**** RECORDS TO USE
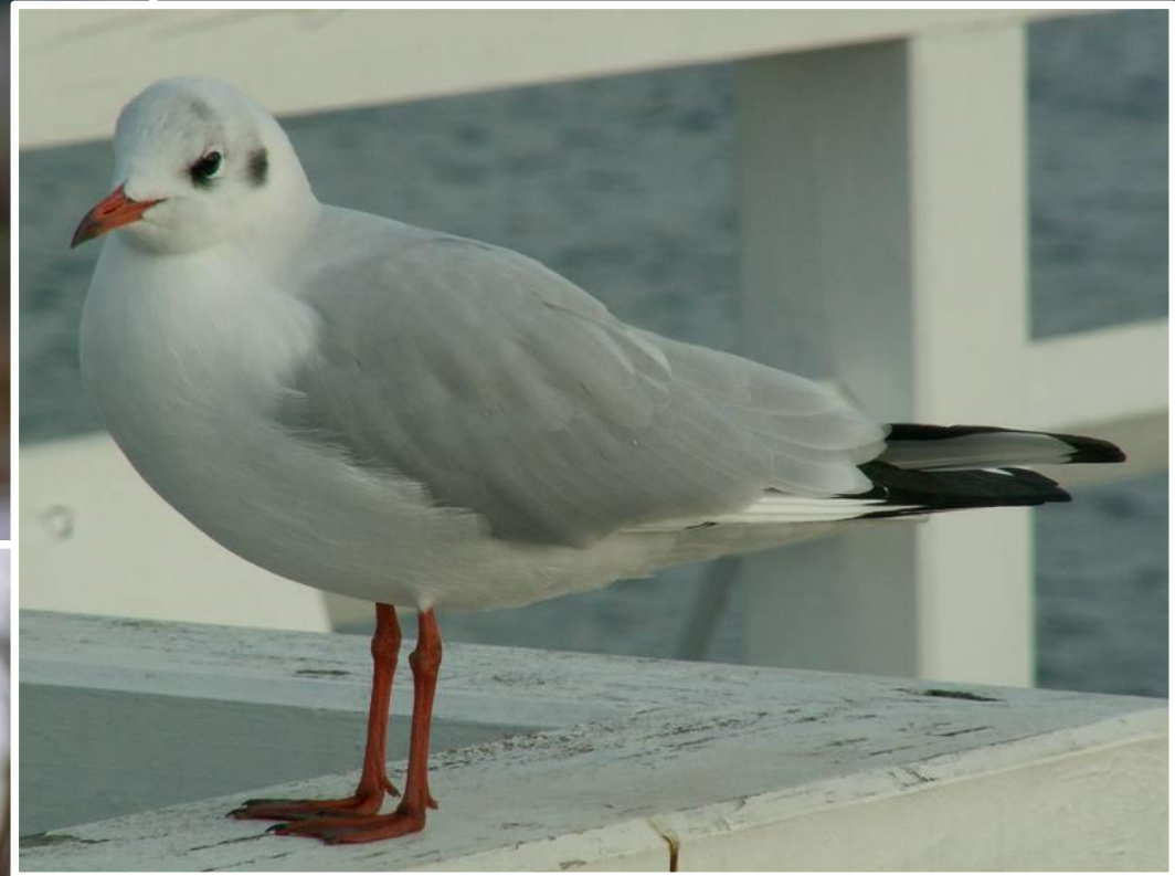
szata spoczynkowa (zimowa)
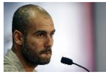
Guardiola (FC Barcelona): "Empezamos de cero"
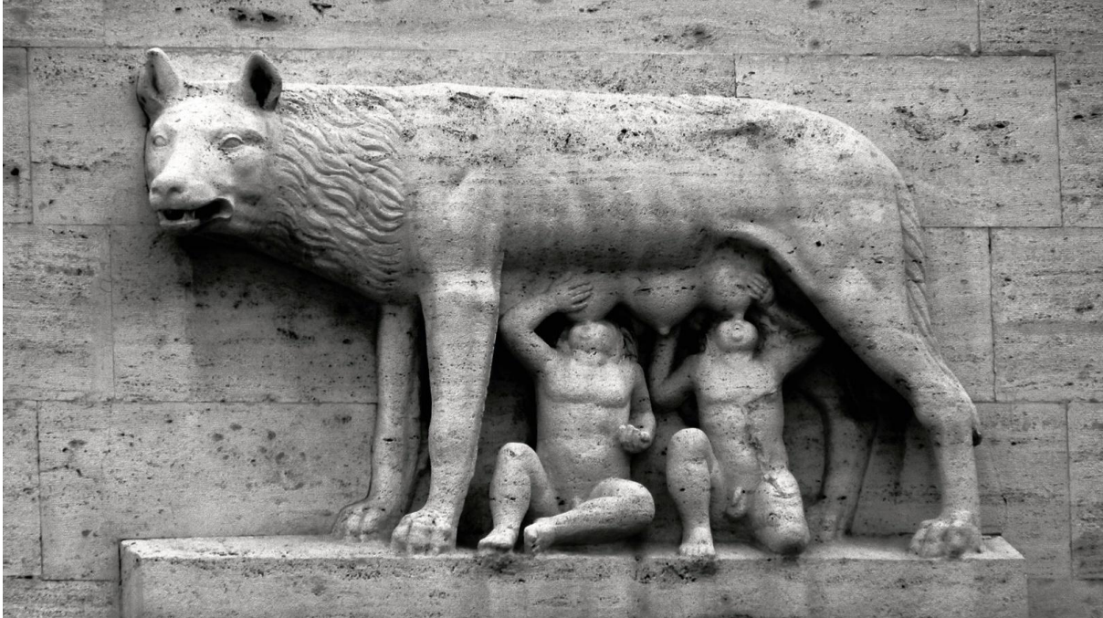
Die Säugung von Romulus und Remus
********
**** RECORDS TO USE
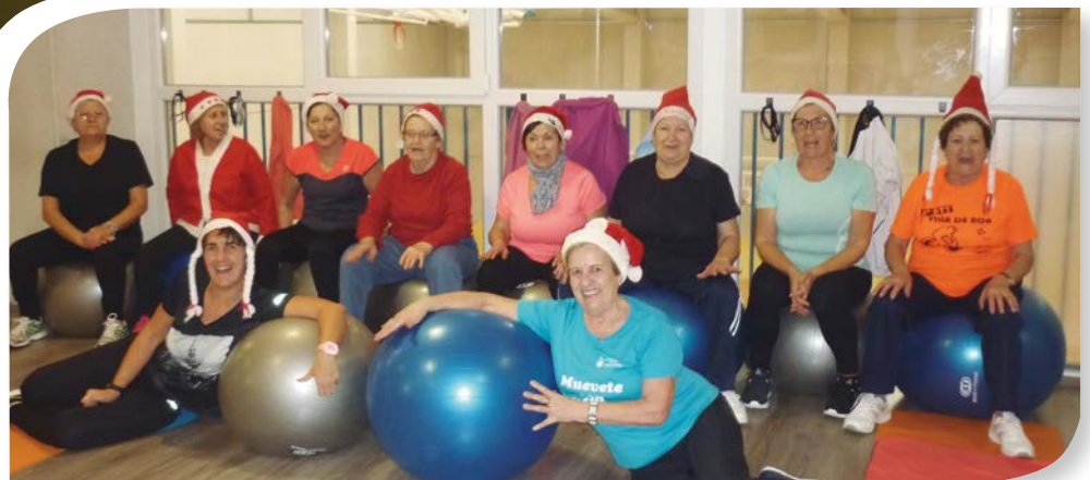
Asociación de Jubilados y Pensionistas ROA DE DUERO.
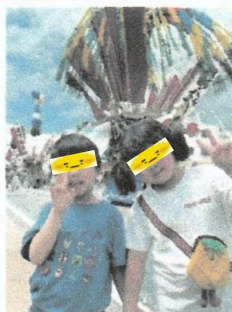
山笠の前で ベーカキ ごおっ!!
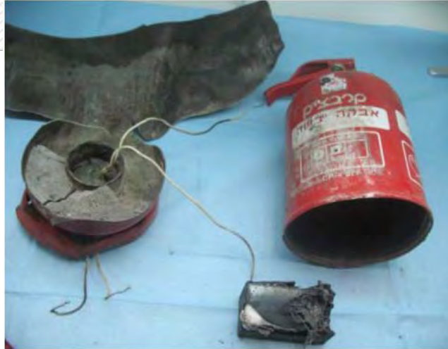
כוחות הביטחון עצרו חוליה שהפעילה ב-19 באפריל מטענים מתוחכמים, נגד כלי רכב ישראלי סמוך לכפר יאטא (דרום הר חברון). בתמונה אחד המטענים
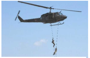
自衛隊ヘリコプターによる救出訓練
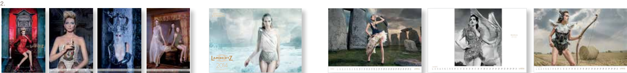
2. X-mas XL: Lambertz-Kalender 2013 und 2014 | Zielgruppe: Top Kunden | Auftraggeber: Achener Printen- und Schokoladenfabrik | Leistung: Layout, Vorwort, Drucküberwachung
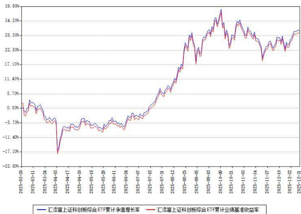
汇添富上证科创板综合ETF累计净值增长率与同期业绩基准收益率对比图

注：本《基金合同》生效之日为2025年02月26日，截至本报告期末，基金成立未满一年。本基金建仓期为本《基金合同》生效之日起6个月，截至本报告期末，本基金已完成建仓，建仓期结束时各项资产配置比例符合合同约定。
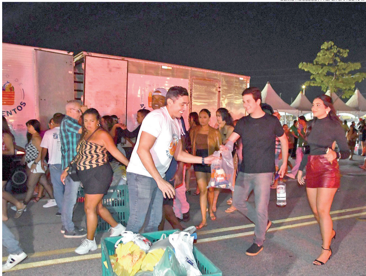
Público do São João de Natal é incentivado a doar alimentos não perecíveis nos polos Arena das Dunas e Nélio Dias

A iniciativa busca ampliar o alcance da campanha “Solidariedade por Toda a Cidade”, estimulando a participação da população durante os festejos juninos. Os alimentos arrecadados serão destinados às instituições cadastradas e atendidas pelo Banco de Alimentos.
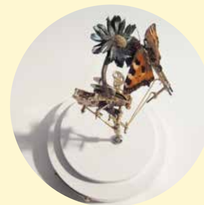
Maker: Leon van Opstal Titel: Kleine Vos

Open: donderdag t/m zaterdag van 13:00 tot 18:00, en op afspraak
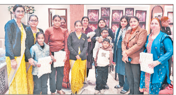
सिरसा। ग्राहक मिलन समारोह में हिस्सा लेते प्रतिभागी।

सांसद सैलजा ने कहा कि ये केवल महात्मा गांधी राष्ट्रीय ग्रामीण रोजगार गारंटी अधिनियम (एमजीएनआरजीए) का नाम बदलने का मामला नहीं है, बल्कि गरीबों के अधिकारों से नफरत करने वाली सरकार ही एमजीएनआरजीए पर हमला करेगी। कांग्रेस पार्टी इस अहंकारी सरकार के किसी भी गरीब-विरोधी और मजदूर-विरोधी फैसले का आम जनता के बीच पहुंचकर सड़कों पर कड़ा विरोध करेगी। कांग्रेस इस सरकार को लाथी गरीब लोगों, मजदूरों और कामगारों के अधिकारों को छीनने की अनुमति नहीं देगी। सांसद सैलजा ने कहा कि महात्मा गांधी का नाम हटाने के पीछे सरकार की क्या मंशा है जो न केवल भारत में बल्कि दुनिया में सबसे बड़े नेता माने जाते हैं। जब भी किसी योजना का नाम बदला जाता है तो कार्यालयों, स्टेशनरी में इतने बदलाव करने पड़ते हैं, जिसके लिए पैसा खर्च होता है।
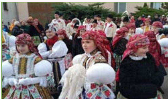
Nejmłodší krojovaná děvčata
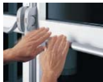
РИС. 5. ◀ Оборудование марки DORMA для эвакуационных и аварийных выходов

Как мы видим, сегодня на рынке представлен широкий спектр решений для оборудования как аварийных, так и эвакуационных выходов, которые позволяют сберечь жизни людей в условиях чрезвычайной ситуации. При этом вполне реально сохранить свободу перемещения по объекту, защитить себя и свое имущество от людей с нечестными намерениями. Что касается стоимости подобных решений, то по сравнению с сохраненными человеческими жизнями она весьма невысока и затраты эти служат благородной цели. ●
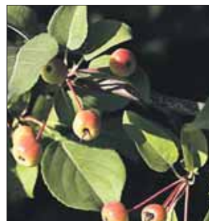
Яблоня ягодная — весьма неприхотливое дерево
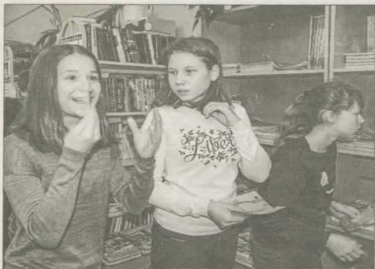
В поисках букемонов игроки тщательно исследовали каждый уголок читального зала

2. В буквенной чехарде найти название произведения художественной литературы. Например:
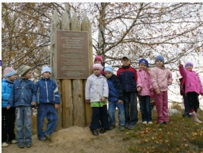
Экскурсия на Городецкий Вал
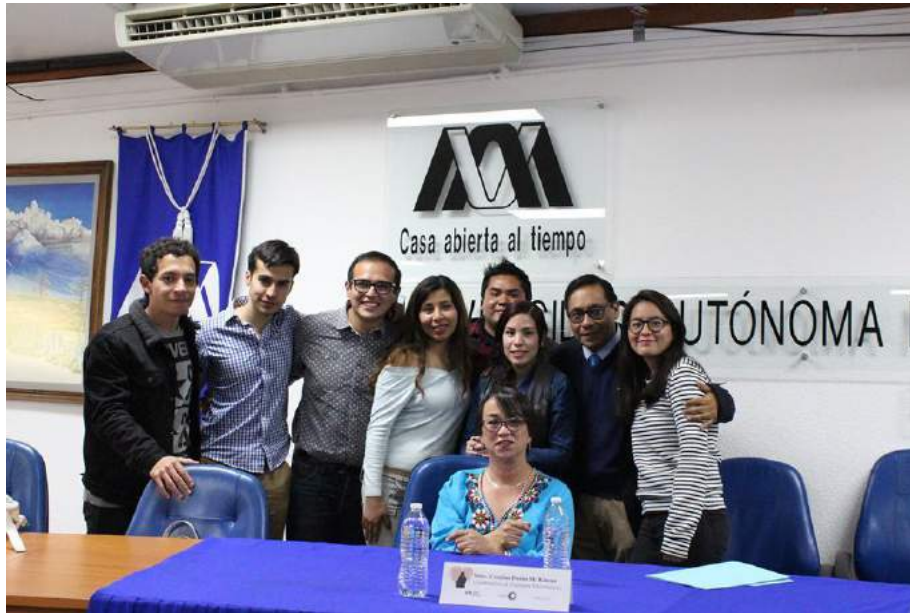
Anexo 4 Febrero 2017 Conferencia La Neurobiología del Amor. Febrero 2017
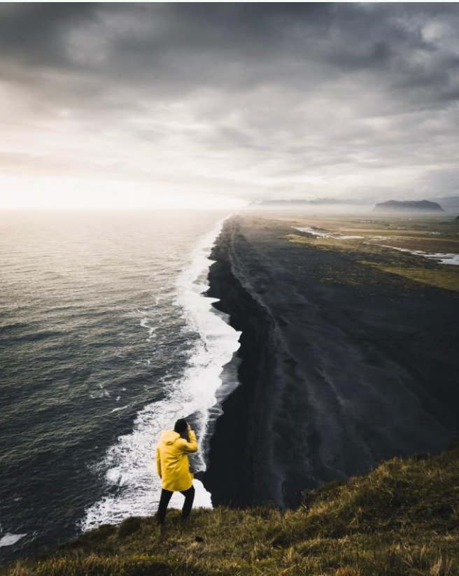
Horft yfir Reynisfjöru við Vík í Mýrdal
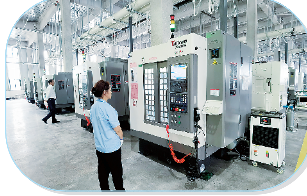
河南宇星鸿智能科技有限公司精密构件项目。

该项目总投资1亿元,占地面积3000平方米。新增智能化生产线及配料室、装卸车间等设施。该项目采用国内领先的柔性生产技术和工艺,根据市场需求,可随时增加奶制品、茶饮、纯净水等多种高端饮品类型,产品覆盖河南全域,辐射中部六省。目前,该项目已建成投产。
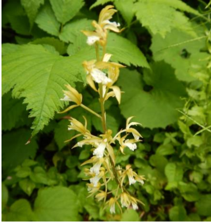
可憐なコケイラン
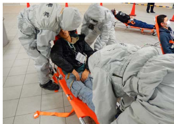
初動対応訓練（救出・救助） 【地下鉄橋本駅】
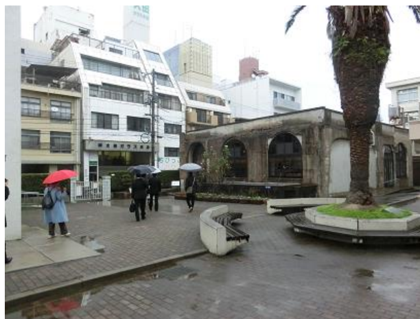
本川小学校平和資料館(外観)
********
■ **PROBLEM DETAILS**:
The lines above from the line with "כוחות הביטחון עצרו" through the line with "सिरसा। ग्राहक मिलन" are to be given again word for word, with no pictures among them.

■ **ANSWER SPACE**:
כוחות הביטחון עצרו חוליה שהפעילה ב-19 באפריל מטענים מתוחכמים, נגד כלי רכב ישראלי סמוך לכפר יאטא (דרום הר חברון). בתמונה אחד המטענים
自衛隊ヘリコプターによる救出訓練
2. X-mas XL: Lambertz-Kalender 2013 und 2014 | Zielgruppe: Top Kunden | Auftraggeber: Achener Printen- und Schokoladenfabrik | Leistung: Layout, Vorwort, Drucküberwachung
汇添富上证科创板综合ETF累计净值增长率与同期业绩基准收益率对比图

注：本《基金合同》生效之日为2025年02月26日，截至本报告期末，基金成立未满一年。本基金建仓期为本《基金合同》生效之日起6个月，截至本报告期末，本基金已完成建仓，建仓期结束时各项资产配置比例符合合同约定。
Público do São João de Natal é incentivado a doar alimentos não perecíveis nos polos Arena das Dunas e Nélio Dias

A iniciativa busca ampliar o alcance da campanha “Solidariedade por Toda a Cidade”, estimulando a participação da população durante os festejos juninos. Os alimentos arrecadados serão destinados às instituições cadastradas e atendidas pelo Banco de Alimentos.
Maker: Leon van Opstal Titel: Kleine Vos

Open: donderdag t/m zaterdag van 13:00 tot 18:00, en op afspraak
सिरसा। ग्राहक मिलन समारोह में हिस्सा लेते प्रतिभागी।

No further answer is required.